X

BaliSpirit Festival 2019, 24-31 Mart tarihleri arasında “Yeniden Denge” temasıyla Bali’de

BaliSpirit Festival sadece bir festival olmanın çok ötesinde, tüm duyular için bir deneyim. Yoga, meditasyon, dans, nefes egzersizleri, şifalanma ve otantik ilişkiler sayesinde bu festival içten ve dıştan keşfetme, bağ kurma ve topluluk aracılığıyla bir dönüşüm alanı açıyor. BaliSpirit Festival bir yaratıcılık ve rahatlama, aktivite ve huzur, doğanın içinde insanın kendi yansıması ve beraberliğin olduğu bir alan!

1.000 kadar tapınağı ve her gün yapılan 1 milyon adak ile bilinen kutsal Bali adasındaki festival, holistik şifalanma merkezi diye bilinen ve Balice’de “tıp” anlamına gelen Ubud’da gerçekleşiyor. BaliSpirit Festival fikri, bundan 12 yıl önce kutlama, neşe ve zihin-beden-ruh bağlantısı yoluyla herkesin iyiliğine hizmet etmek için doğdu. Güçlü vizyoner ekibi ve kutsal Bali adasının ruhundan destek alan ve şimdiden Asya’nın en büyük ve en iyi yoga festivallerinden biri haline gelen BaliSpirit Festival, giderek büyüyor.
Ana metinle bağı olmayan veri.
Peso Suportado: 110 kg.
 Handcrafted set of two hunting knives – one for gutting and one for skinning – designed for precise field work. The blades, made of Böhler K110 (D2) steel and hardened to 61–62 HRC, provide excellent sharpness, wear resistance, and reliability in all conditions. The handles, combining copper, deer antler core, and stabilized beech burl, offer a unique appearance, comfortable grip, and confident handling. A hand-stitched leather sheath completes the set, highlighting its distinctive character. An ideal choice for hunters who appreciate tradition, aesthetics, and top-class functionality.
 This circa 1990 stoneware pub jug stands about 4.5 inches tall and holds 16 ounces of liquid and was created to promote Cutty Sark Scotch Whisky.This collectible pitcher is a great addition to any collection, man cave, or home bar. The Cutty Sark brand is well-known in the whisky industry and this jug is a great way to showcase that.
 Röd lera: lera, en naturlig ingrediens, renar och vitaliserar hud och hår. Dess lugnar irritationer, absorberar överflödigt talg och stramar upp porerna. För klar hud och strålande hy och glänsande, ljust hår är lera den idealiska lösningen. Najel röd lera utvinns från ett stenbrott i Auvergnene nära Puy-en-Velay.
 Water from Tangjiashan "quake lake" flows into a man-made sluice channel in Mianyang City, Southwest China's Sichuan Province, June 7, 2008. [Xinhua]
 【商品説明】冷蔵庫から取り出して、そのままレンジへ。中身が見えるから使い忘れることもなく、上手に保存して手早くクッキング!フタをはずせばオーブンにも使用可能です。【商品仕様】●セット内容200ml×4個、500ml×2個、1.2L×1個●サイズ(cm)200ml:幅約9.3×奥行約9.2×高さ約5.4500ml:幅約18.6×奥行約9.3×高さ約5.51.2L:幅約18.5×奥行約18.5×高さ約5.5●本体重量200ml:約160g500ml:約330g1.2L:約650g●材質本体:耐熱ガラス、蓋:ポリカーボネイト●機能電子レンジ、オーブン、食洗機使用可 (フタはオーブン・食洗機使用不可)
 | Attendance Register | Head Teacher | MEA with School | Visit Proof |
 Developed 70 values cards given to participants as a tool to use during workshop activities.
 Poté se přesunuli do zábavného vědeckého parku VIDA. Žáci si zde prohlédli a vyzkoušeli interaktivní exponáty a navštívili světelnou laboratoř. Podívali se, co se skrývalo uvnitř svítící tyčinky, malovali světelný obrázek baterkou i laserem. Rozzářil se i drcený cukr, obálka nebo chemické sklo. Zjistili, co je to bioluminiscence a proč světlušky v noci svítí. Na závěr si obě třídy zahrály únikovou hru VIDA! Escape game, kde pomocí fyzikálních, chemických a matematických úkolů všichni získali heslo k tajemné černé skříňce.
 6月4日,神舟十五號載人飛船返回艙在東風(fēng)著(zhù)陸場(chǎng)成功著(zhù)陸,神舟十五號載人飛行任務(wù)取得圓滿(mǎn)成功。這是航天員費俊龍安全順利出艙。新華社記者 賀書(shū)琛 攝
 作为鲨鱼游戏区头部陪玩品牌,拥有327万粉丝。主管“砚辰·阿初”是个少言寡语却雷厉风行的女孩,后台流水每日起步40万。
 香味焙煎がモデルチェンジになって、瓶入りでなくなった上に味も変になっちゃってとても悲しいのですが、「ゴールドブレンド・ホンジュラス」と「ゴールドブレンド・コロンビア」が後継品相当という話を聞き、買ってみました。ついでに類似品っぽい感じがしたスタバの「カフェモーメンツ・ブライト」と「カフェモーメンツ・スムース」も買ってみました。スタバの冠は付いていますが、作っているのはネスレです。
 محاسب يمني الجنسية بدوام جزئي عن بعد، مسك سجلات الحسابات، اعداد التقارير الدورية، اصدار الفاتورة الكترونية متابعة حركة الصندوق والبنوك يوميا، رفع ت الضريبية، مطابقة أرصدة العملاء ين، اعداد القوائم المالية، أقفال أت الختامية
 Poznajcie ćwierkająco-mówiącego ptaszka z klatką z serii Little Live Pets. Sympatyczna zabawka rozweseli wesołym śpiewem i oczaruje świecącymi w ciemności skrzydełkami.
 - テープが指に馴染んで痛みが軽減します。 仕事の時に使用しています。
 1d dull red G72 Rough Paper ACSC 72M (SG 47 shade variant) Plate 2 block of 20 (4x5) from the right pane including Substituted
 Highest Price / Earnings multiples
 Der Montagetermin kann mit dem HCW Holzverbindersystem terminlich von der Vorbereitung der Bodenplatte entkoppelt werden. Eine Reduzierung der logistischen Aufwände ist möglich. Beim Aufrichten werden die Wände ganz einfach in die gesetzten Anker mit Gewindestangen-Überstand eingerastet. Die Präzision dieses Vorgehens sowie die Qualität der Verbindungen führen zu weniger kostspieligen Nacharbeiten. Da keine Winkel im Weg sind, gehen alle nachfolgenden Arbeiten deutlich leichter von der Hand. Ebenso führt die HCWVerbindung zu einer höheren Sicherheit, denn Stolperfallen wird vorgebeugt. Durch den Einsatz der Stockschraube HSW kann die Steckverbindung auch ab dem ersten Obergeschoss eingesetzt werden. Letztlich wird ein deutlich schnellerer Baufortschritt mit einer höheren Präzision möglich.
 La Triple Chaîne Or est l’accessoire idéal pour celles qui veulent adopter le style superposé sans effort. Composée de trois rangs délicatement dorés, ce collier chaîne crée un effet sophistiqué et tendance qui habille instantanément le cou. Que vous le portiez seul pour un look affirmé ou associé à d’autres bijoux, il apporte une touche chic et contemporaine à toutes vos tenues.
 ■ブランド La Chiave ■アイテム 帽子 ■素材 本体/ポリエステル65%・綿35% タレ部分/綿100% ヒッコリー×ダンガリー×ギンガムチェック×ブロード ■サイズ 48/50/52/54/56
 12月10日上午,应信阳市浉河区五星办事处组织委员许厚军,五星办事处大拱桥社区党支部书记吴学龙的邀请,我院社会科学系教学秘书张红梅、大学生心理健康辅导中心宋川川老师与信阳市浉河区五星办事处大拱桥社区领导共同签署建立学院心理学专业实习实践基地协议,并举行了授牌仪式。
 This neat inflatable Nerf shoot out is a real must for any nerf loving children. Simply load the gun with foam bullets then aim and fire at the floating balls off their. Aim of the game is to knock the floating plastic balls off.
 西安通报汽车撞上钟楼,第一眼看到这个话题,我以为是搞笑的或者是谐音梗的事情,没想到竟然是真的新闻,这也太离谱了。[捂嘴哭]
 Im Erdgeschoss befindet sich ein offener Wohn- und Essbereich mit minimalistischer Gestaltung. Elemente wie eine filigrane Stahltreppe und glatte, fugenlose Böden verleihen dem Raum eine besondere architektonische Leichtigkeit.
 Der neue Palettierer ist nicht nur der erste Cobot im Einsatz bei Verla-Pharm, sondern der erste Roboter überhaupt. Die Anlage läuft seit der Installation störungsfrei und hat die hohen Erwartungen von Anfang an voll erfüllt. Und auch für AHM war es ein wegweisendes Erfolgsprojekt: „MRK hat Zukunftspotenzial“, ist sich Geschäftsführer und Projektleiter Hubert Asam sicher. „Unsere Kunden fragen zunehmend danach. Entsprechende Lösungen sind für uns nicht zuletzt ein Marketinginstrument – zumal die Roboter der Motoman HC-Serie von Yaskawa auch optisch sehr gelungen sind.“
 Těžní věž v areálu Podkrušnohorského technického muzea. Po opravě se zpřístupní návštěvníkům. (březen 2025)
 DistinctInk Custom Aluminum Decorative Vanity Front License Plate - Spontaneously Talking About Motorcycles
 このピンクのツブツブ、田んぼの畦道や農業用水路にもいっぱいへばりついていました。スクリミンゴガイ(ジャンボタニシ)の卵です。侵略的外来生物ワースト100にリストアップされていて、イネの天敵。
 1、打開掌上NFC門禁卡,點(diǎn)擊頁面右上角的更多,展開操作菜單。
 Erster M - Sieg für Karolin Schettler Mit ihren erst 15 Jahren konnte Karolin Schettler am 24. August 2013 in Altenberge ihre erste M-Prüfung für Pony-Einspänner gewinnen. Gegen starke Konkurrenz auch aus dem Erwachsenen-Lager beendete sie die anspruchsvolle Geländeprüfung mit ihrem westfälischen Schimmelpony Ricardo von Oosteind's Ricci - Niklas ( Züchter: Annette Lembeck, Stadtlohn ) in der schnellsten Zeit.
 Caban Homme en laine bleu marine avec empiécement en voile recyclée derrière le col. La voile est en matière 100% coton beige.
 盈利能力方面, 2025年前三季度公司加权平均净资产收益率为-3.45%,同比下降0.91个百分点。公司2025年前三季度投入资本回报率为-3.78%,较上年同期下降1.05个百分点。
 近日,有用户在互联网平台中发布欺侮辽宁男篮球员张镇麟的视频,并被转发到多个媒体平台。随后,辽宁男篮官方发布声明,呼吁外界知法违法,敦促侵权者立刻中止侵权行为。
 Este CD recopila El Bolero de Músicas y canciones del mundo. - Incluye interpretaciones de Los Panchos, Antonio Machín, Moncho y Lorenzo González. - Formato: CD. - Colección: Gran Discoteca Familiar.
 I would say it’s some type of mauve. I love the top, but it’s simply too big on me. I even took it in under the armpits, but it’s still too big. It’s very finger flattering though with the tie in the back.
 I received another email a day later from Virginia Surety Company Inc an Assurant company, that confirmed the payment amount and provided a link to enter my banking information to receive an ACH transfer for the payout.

Uplifers olarak medya sponsoru olduğumuz BaliSpirit Festivali hakkında merak ettiğiniz her şeyi yazımızda bulabilirsiniz.

BaliSpirit Festival – www.urphotography.net

Ubud kendi başına sanatçılar, eğitmenler ve müzisyenler için spiritüellik sevgisini, öğretileri ve benzersiz performanslarıyla hareketin iyileştirici gücünü paylaştıkları bir destinasyon. BaliSpirit Festival her yıl sesin, şifanın ve hareketin simyasını taşıyan dünya çapından yetenekleri ağırlıyor. Sadece dans veya şarkı performansı sergilemenin ötesinde, kendi kültürlerinden, kalplerinden gelen mesajları ve dünyaya sundukları benzersiz katkıyı paylaşıyorlar.

BaliSpirit Festival kişisel ve dünyevi düzeyde tecrübe, bağ kurma ve şifalanma cenneti. Böylelikle derinden bir dönüşüm gerçekleştirmek mümkün. Dünyanın en bilinen eğitmenleri, düzenledikleri atölyelerde kendi bilgilerini paylaşarak içsel uyum, denge ve kolektif refah için yeni yollar sunuyor. Böylelikle kalpten kalbe bağlantıların naifliğine geri dönebilir, yeni dostluklar kurabilir, yeni fikirleri kucaklayabilir ve dengenin gerçekten ne anlama geldiğini somut olarak hissedebilirsiniz.

BaliSpirit Festival – www.urphotography.net

Taptaze bir şekilde enerji depolayarak, yeryüzü ve cennetleriyle bağ kurarak daha sağlıklı, canlı, yenilenmiş ve dengeli bir dünya yaratan yeni bir gerçekliğin parçası haline gelebilirsiniz.

Deneyim

BaliSpirit Festival’a katılmak, eskiyi geride bırakmak ve yeni olanı davet etmek anlamına gelir. İster tek başınıza seyahat edin, ister arkadaşlarınızla birlikte olun, sadece çeşitli spiritüel ve yogik disiplinden gelen 100’den fazla uluslararası sunumu deneyimlemekle kalmaz, aynı zamanda festivale katılan herkesle derin bir bağ kurabilirsiniz. Benzer düşüncelere sahip olan kişilerle sarılmak, gülümsemek festival deneyiminin ortak bir parçasıdır; bu deneyime katılmak ve samimi bir şekilde kendinizi ifade etmek gibi.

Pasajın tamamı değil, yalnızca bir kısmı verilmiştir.